State-owned Philippine National Oil Co. (PNOC) is being considered to spearhead the $2.1-billion Batangas-Manila (BatMan 1) natural gas pipeline project in a bid to finally jumpstart and boost the country’s natural gas industry.

Energy Undersecretary Jose M. Layug Jr. said PNOC was planning to put up a new subsidiary, PNOC Pipeline Corp. (PNOC-PC), to undertake one of the three components of the BatMan 1 project, specifically the construction of the 105-kilometer pipeline that will run from Batangas to Manila costing as much as $200 million.

“We have looked at models worldwide and we can see that most of the gas pipeline infrastructure are owned by governments, primarily to ensure open access.

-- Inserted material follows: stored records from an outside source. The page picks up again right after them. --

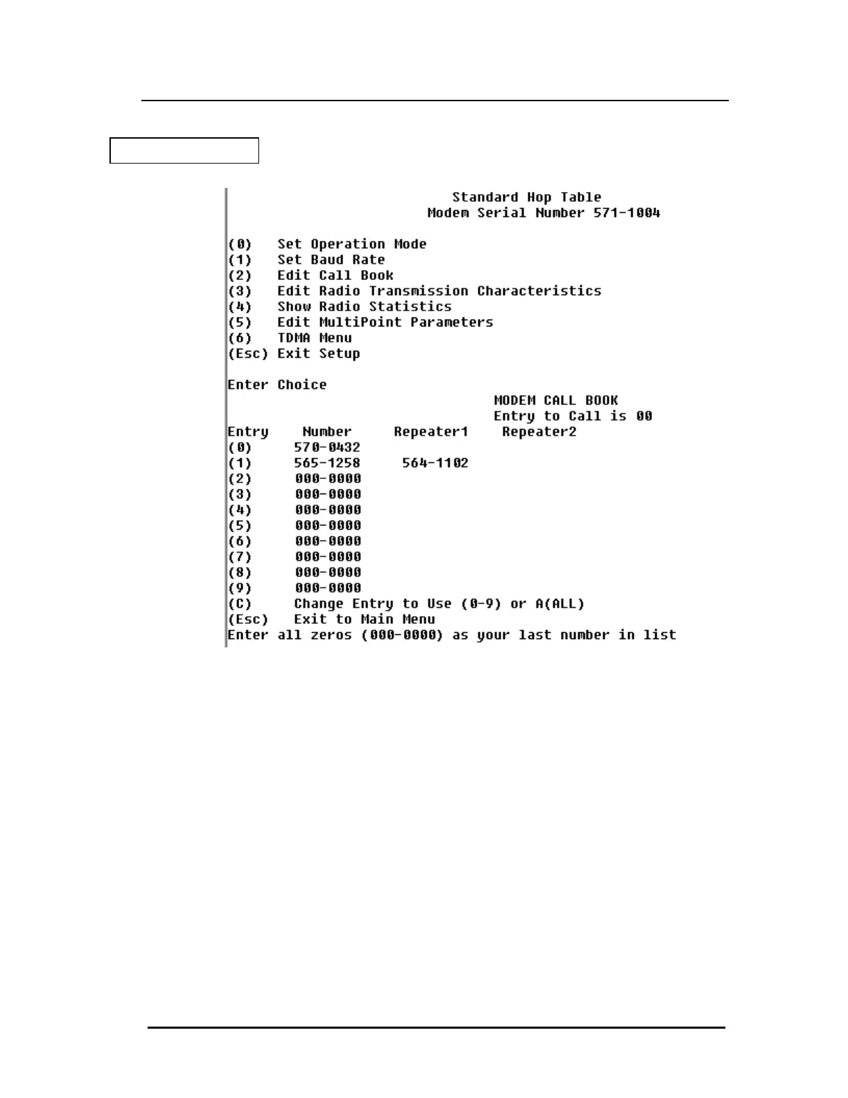 Call Book menu screen. If you enter a repeater number you will then be prompted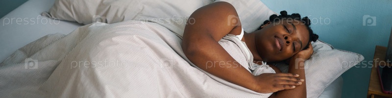 Спящая афроамериканская женщина со скошенными волосами
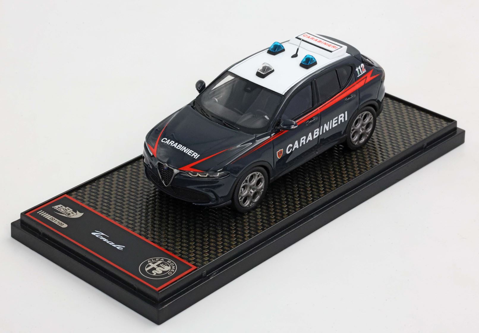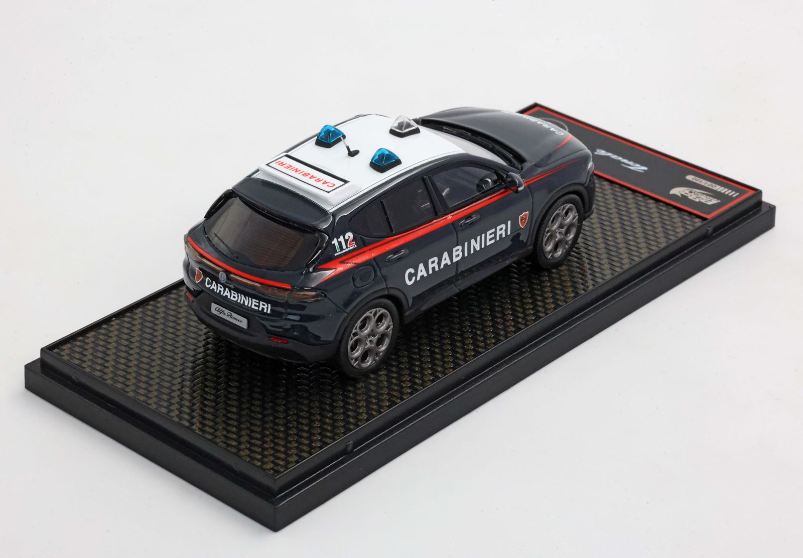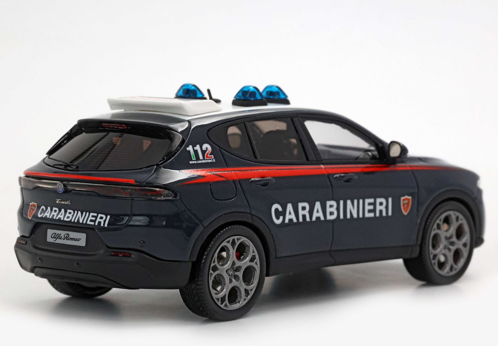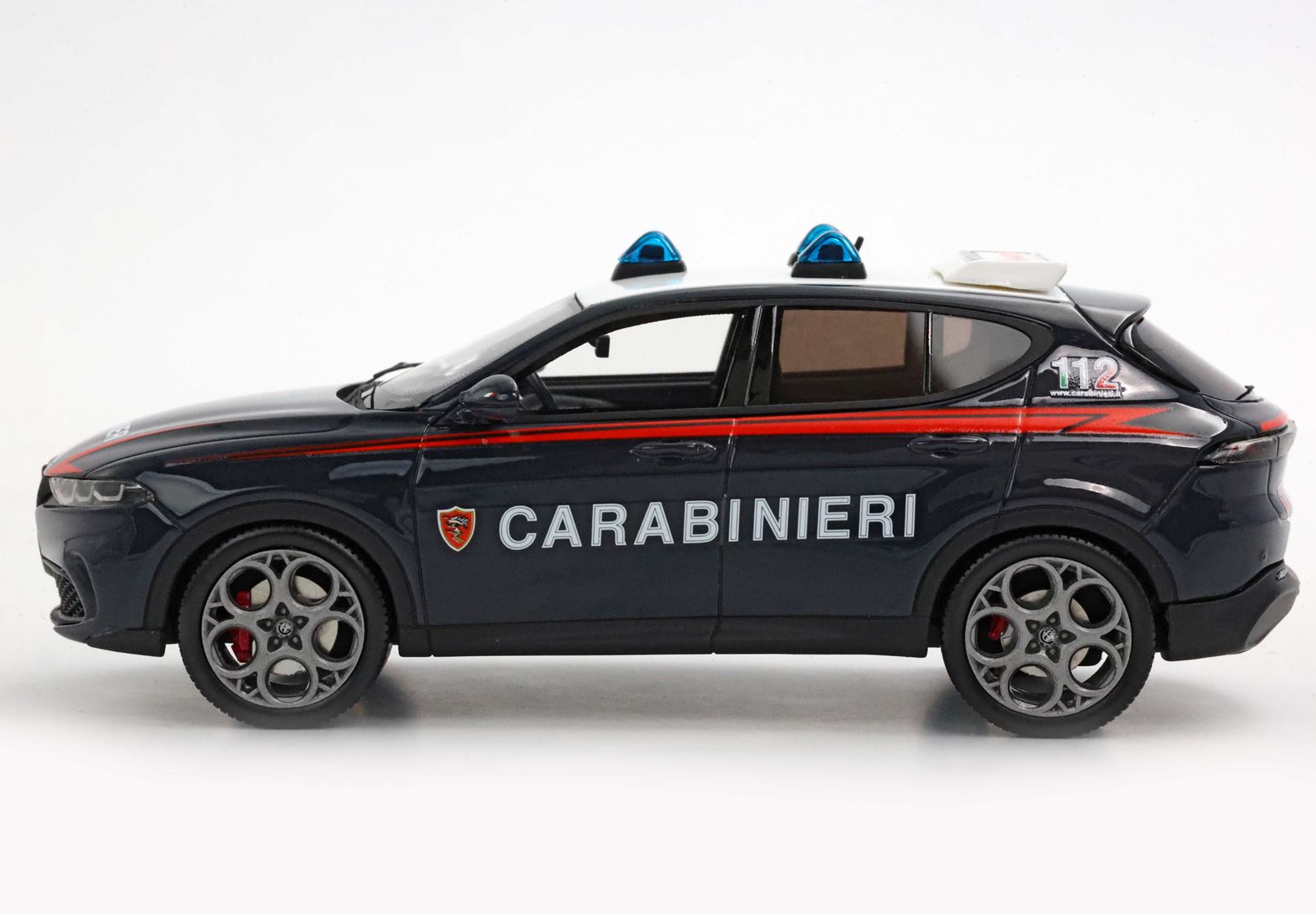 Sul modello BBR, luci e sirene* del tetto replicano esattamente l'auto speciale in dotazione ai Carabinieri.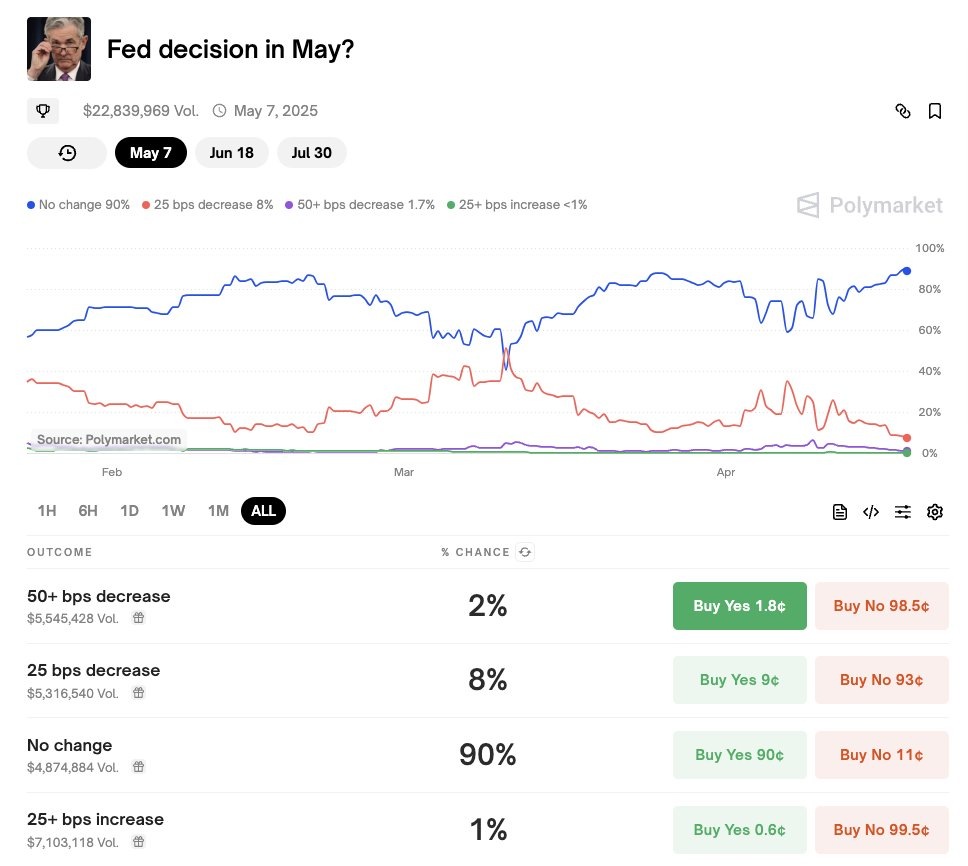🔸По данным Polymarket, вероятность того, что 7 мая Федеральная резервная система США оставит ставки без изменений, достигла 90%.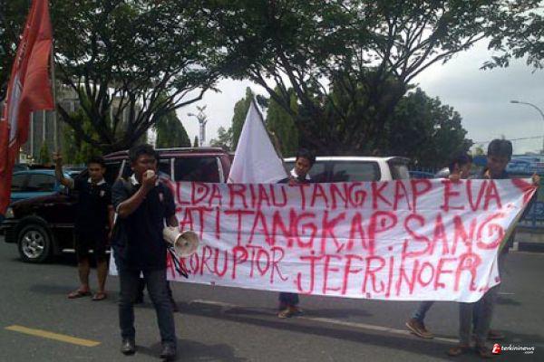 Pendemo yang menamakan diri Himpunan Mahasiswa Ocu Kampar (HMOK-Pku), Kamis (22/1/15), menggelar aksi demonstrasi di depan pintu gerbang Kepolisian Daerah (Polda) Riau. Mereka mempertanyakan kasus dugaan penganiayaan yang dilakukan istri Bupati Kampar Eva Yuliana dan 2 ajudannya.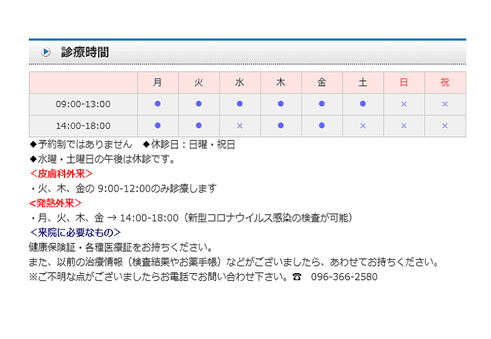 内科、循環器内科、糖尿病内科、皮膚科、特定健診、予防接種、他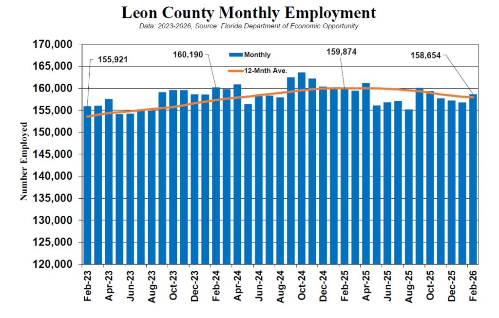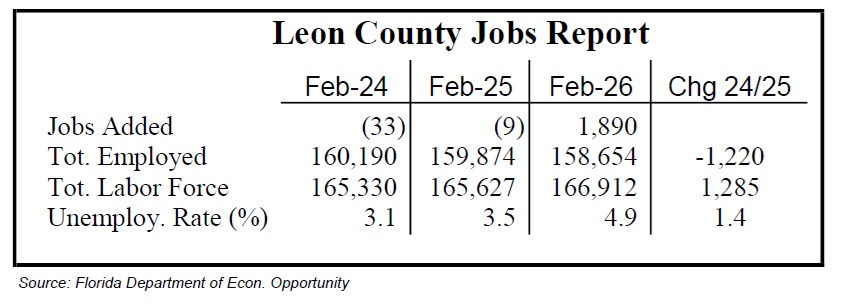 The Leon County Jobs Report, provided below, shows the number of people working in February 2026 was 1,220 less than in February 2025. The February labor force – those looking for jobs – came in at 166,912 which was 1,285 more than reported one year ago.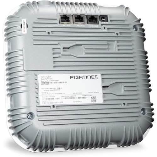 FortiAP-U431F Indoor Wireless Universal AP - Tri radio (2x 802.11 a/b/g/n/ac/ax, 4x4 MIMO and 1x 802.11 a/b/g/n/ac Wave 2, 2x2 MU-MIMO), internal antennas, 1x 100/1000/2500 Base-T RJ45, 1x 10/100/1000 Base-T RJ45, BT/BLE, 1x Type A USB, 1x RS-232 RJ45 Serial Port. Ceiling/wall mount kit included.For power order: 802.3at PoE injector GPI-130. Optional DC power adaptor SKU SP-FAP43F-PA-X-5. Region Code E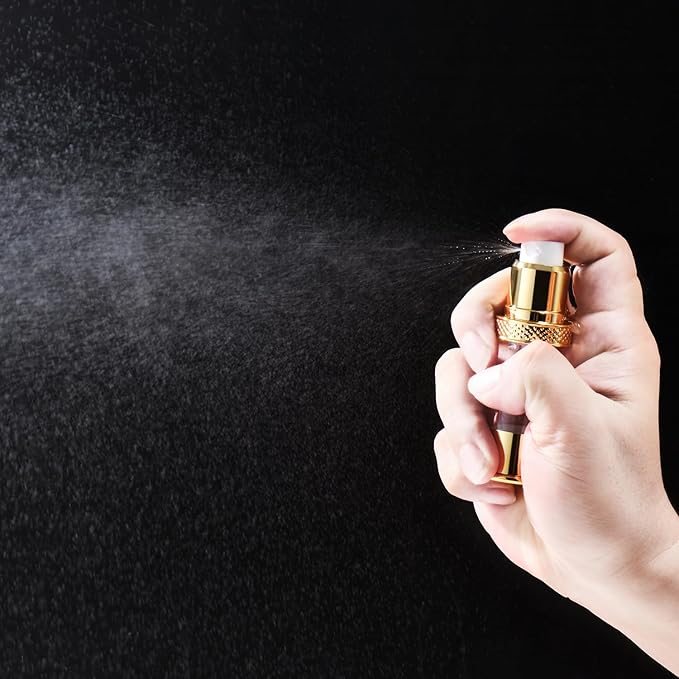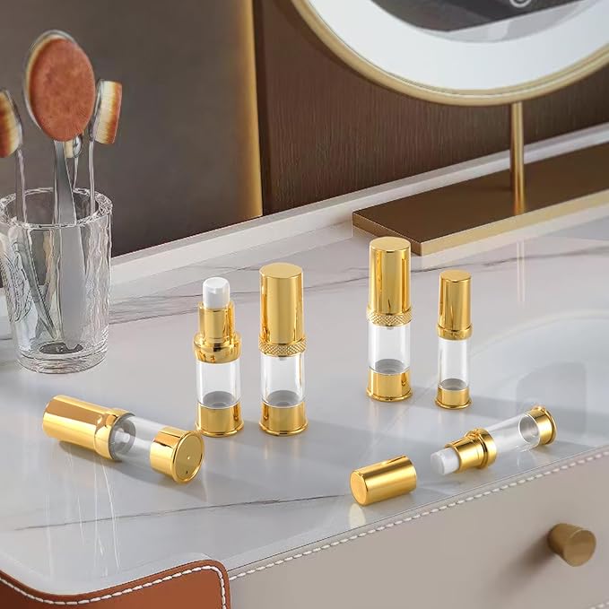 golden airless pump bottle with travel bag set with labels empty refillable cosmetic pump travel size containers hair oil, lotion and other liquids 5ml 10ml 15g(12 Packs)

Because if it’s owned by a private party, obviously, [the firm] will monopolize,” Layug explained.

“If it’s owned by the government, you have considerations other than profit, which is one, to ensure a lower cost of electricity and a fair and open access of gas to all available interested parties. So initially, we would have the government owning and operating [the pipeline],” the energy official said.

According to Layug, the government was planning to proceed with the whole BatMan 1 project in phases as it would not only involve the construction of a gas pipeline, but also of a receiving terminal and an initial 600-megawatt power plant to serve as an anchor load for the facility.

Phase 1 will involve the pipeline, which the government will undertake, while the second and third phases will involve the construction of the receiving terminal and power plant, which will be bid out.

“Right now, the reason why [the government is] building the pipeline is because initially, we would get the supply from the remaining gas from the Malampaya gas project off Palawan, which hopefully will be more economical especially for the industrial market,” Layug said.